J.10

Aujourd’hui, on annonce du vent. Beaucoup de vent. Le genre de vent qui arrive de Sibérie et qui souffle à 100 km/h.

Nous décidons donc de rouler jusqu’à Port-la-Nouvelle, d’où nous prendrons le train jusqu’à Perpignan. La route longe le Canal de la Robine et passe entre d’immenses étangs; c’est tout simplement magnifique, même s’il vente très fort.

Arrivés au train, nous décidons que nous prendrons plutôt le train jusqu’à Banyuls-sur-Mer et que, de là, nous nous rendrons au refuge dont Pierre-Marie nous a parlé. Situé à 10 km dans les montagnes sur la frontière franco-espagnole, ça ne devrait pas être une montée trop difficile… Pensions nous.

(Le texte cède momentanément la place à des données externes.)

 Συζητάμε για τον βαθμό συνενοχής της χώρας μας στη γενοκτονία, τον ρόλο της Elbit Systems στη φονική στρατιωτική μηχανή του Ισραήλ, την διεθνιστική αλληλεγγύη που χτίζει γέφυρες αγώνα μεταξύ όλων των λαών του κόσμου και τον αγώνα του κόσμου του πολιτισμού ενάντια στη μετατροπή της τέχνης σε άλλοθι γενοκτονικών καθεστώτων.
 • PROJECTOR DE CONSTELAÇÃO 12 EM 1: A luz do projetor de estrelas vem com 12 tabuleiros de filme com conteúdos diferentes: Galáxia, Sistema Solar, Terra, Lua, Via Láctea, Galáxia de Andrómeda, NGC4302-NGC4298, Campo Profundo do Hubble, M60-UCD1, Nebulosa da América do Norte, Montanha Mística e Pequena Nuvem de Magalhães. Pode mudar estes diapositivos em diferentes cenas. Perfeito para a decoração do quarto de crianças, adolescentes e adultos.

Les premiers kilomètres se font relativement bien; nous avons parfois le vent de face, mais lorsqu’il arrive par derrière, il nous fait grimper en moins de deux! Nous sommes entourés de vignobles en terrasses à flanc de montagnes; le paysage est un peu étouffant, tout semble se refermer sur nous, en plus du soleil qui disparaît derrière les montagnes.

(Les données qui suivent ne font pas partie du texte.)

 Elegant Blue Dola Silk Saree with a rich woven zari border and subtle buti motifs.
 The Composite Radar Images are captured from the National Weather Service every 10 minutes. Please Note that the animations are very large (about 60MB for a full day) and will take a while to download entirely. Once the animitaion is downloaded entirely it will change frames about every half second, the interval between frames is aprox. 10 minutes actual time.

À un certain point, à 1,6 km de notre refuge pour être plus précise, nous descendons de nos vélos car 1. La pente est beaucoup trop à pique; 2. Le vent est beaucoup trop fort. Nous poussons donc nos vélos de toute nos forces, dans la noirceur et contre le vent le plus terrible que j’ai jamais rencontré de toute ma vie.

Arrivés en haut, nous trouvons un charmant petit refuge creusé dans le rocher. Le vent est toujours aussi intense mais au moins nous sommes entre quatre murs solides!! (J’avais peur que ce soit un petit shack en bois, tsé.)